The fight over Chick-fil-A and discrimination has taken an interesting turn.
If you recall, Boston Mayor Thomas Menino issued a scathing public statement condemning the fast food chain for having “arrogant attitudes” after the CEO of Chick-fil-A publicly announced that the company was “guilty as charged,” for its non-profit arms financial support to traditional marriage/anti-same sex marriage organizations. In a letter released late last month, Merino vowed to block plans for the development of a new Chick-fil-A in the city. He also said:
“You called supporters of gay marriage ‘prideful.’ Here in Boston, to borrow your own words, we are ‘guilty as charged.’ We are indeed full of pride for our support of same-sex marriage and our work to expand freedom to all people. We are proud that our state and our city have led the way for the country on equal marriage rights…There is no place for discrimination on Boston’s Freedom Trail and no place for your company alongside it.”
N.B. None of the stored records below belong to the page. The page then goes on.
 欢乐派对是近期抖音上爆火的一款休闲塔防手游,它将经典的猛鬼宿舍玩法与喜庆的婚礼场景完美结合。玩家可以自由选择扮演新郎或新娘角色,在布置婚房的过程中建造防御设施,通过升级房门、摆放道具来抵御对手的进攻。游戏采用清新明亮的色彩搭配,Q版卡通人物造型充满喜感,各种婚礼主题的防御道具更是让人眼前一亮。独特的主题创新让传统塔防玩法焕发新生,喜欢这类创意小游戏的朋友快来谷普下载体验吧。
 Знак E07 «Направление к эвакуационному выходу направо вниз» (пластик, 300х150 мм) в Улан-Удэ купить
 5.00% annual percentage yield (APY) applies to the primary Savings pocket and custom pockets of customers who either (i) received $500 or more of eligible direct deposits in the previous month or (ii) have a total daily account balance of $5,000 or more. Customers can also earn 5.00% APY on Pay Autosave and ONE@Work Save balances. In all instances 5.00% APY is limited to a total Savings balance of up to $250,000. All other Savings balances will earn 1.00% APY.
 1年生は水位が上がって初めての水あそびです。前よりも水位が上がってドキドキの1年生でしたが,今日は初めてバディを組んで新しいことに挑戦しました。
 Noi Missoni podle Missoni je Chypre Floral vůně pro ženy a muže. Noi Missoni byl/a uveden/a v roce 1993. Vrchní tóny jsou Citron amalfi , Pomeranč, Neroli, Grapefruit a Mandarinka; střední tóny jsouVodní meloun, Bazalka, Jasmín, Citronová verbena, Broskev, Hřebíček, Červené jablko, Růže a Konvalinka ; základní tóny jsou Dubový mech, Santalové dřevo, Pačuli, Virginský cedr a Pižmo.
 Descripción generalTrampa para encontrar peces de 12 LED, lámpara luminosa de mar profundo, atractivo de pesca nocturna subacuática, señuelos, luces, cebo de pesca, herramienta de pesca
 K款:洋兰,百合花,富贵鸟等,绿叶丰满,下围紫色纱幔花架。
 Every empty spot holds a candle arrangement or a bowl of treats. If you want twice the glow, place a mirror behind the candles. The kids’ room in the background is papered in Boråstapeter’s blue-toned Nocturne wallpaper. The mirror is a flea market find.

Mayor Menino has been heavily criticized for his statements, mainly from critics who charged that he was pandering, has overstepped his boundaries as mayor and has no legal recourse to bar any company from opening up shop. Feeling the pressure, Menino has somewhat backed away from his statements, now saying that while he can’t “actively block the fast-food chain” from coming to the city, it would be “very difficult” for Chick-fil-A to obtain licenses for a restaurant in Boston.
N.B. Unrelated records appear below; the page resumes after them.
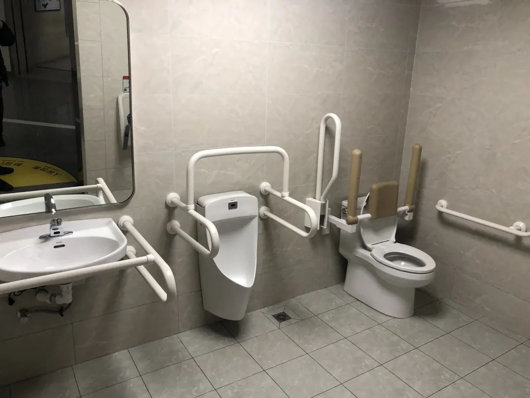 無(wú)障礙衛(wèi)生間里,扶手及緊急呼叫裝置一應(yīng)俱全,為行動(dòng)不便人士提供了安全順暢的如廁空間。
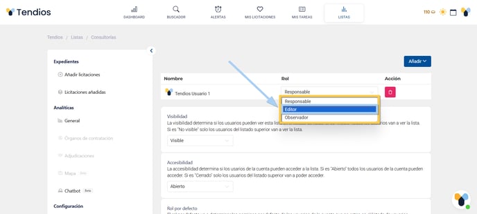 Editor: Permite al respectivo usuario ver resultados y editar esta lista. Para seleccionar este rol haz clic en el botón Editor.
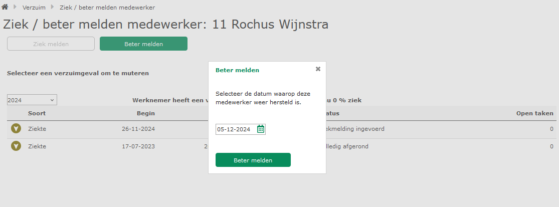 Aangepast is de gebruikers interface voor het betermelden van een verzuimgeval.
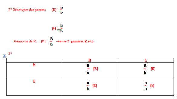 b- Rouge apparu en F1 donc dominant représenté par R et blanche masqué en F1 donc récessif représenté par b
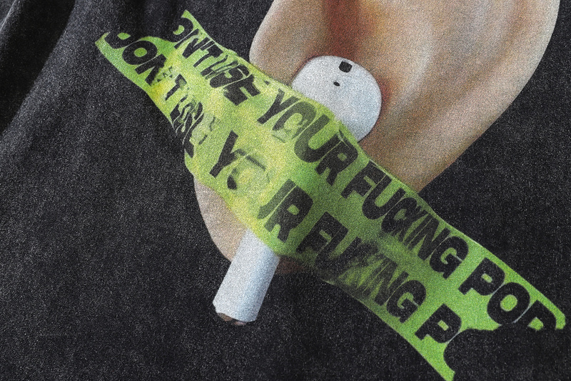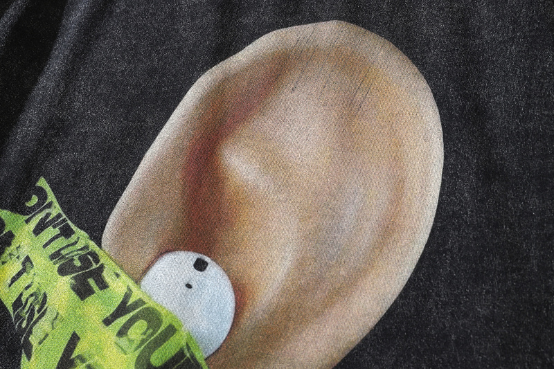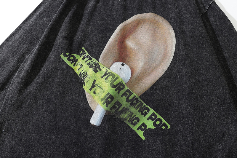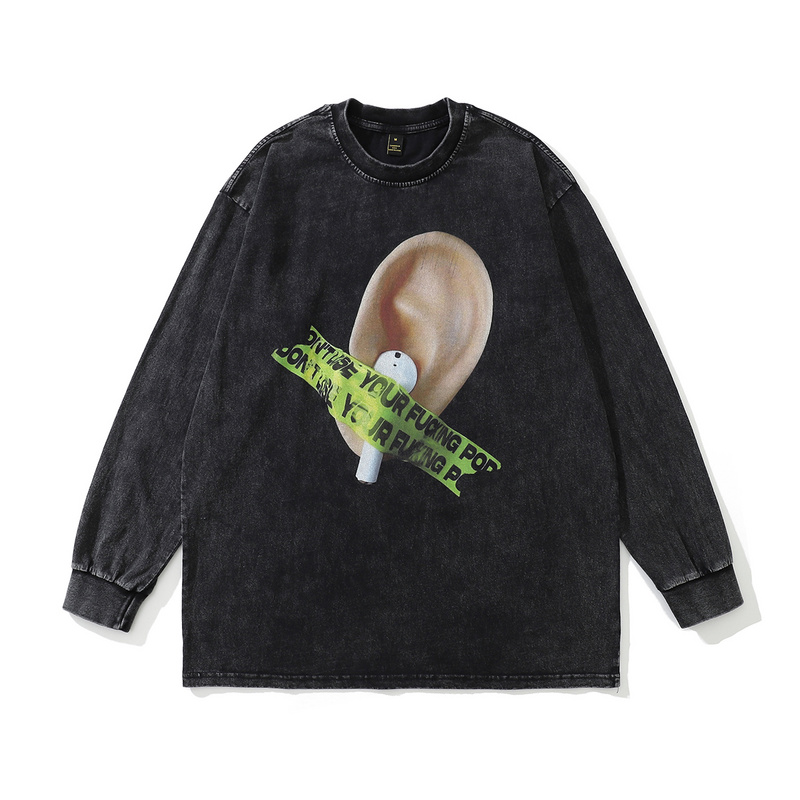 Черный хлопковый лонгслив бренда TKPA с принтом "Наушник в ухе"

However, Mayor Menino isn’t the only Bostonian issuing public statements/letters in regards to discrimination in the city. In a four-page letter, hand-delivered a week after Menino’s statement to the Mayor’s office, the Massachusetts Association of Minority Law Enforcement Officers, or MAMLEO, applauded the mayor for his “strong statements” regarding Chick-fil-A’s alleged discrimination, but also said that he needed to step up in addressing “discriminatory practices,” which they claim Menino has “allowed to exist in the City during your reign.”